EXERCISE DESCRIPTION -
In the records below, the lines between the one holding "утомляемость, слабость, гиповитаминозы, анемия, эозинофильный" and the one holding "30) Farò un", inclusive, are to be transcribed exactly; no pictures are to be included.

PROVIDED INFORMATION -
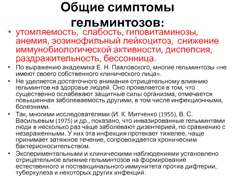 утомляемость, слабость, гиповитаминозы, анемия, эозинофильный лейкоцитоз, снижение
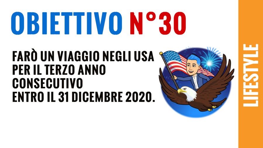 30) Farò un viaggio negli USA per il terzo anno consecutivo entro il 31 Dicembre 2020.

==

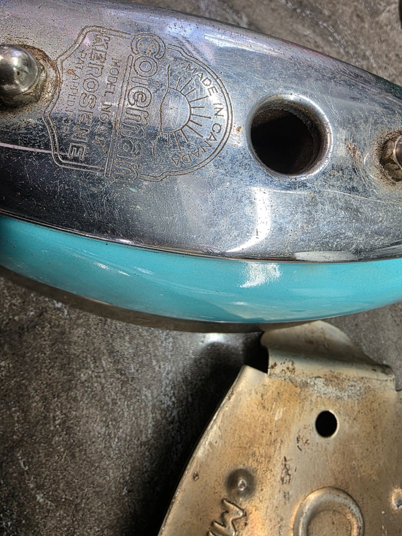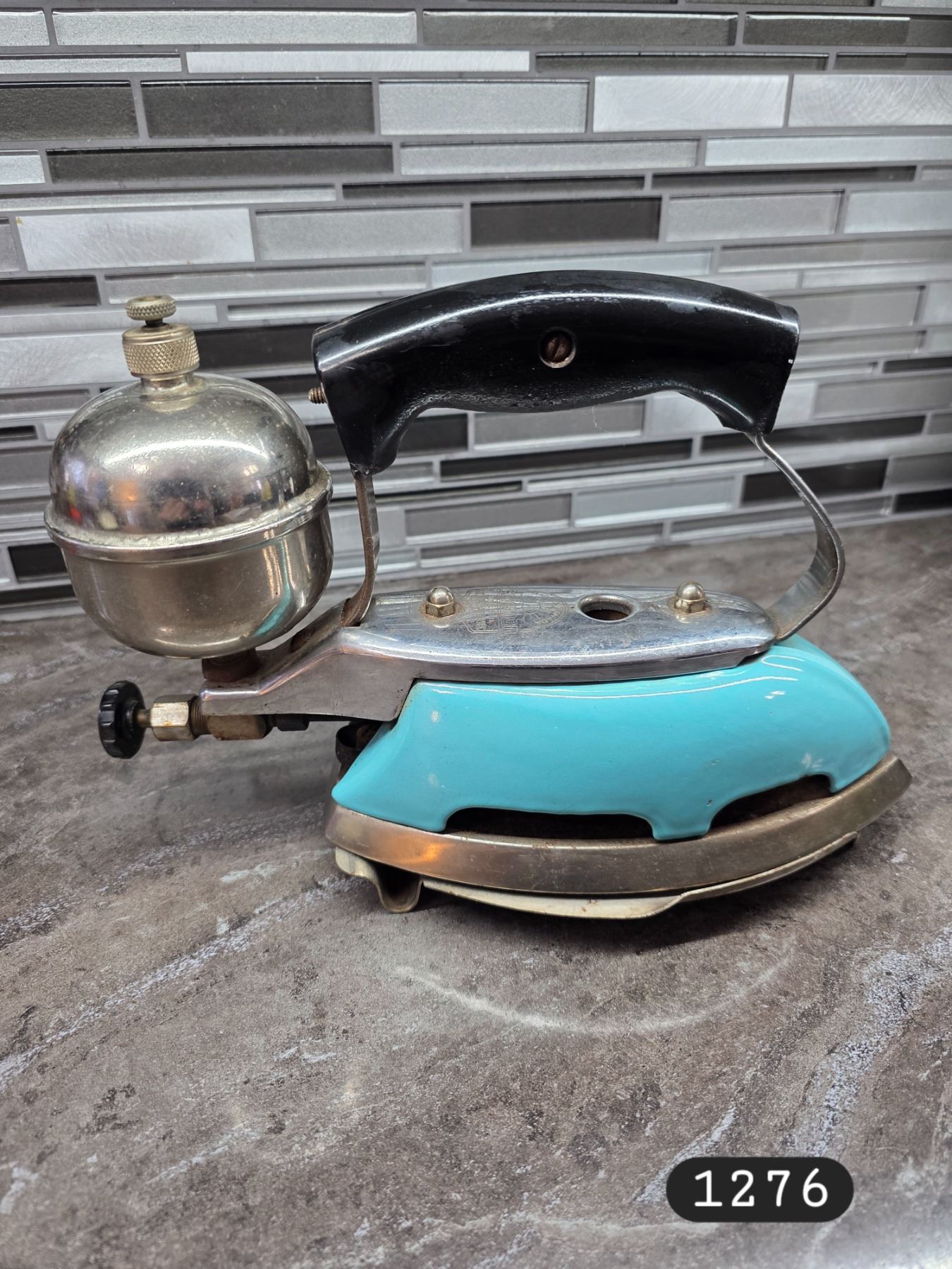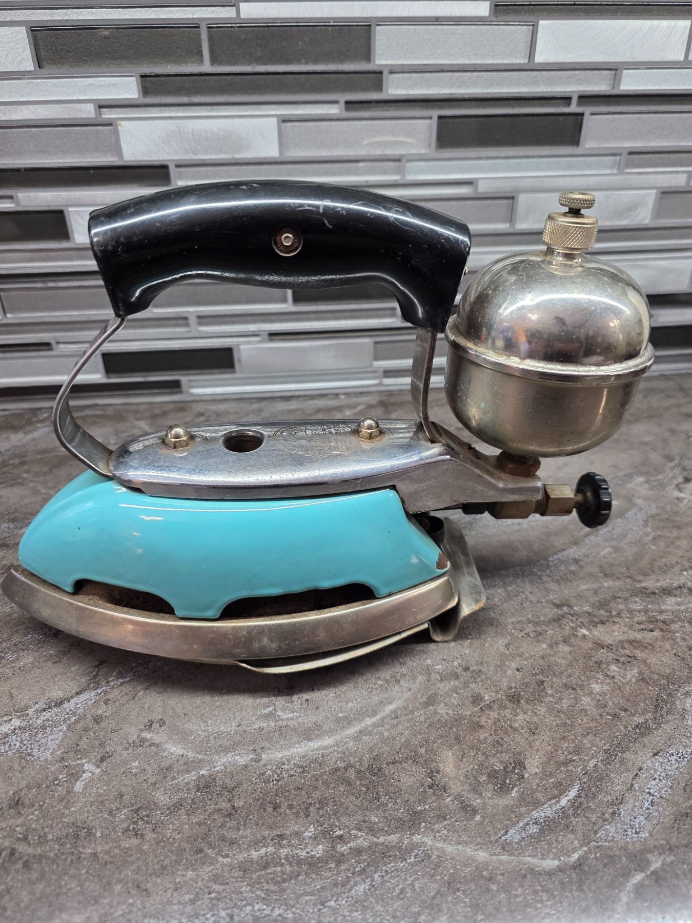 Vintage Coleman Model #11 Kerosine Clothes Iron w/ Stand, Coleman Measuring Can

YOUR SOLUTION -
 утомляемость, слабость, гиповитаминозы, анемия, эозинофильный лейкоцитоз, снижение
 30) Farò un viaggio negli USA per il terzo anno consecutivo entro il 31 Dicembre 2020.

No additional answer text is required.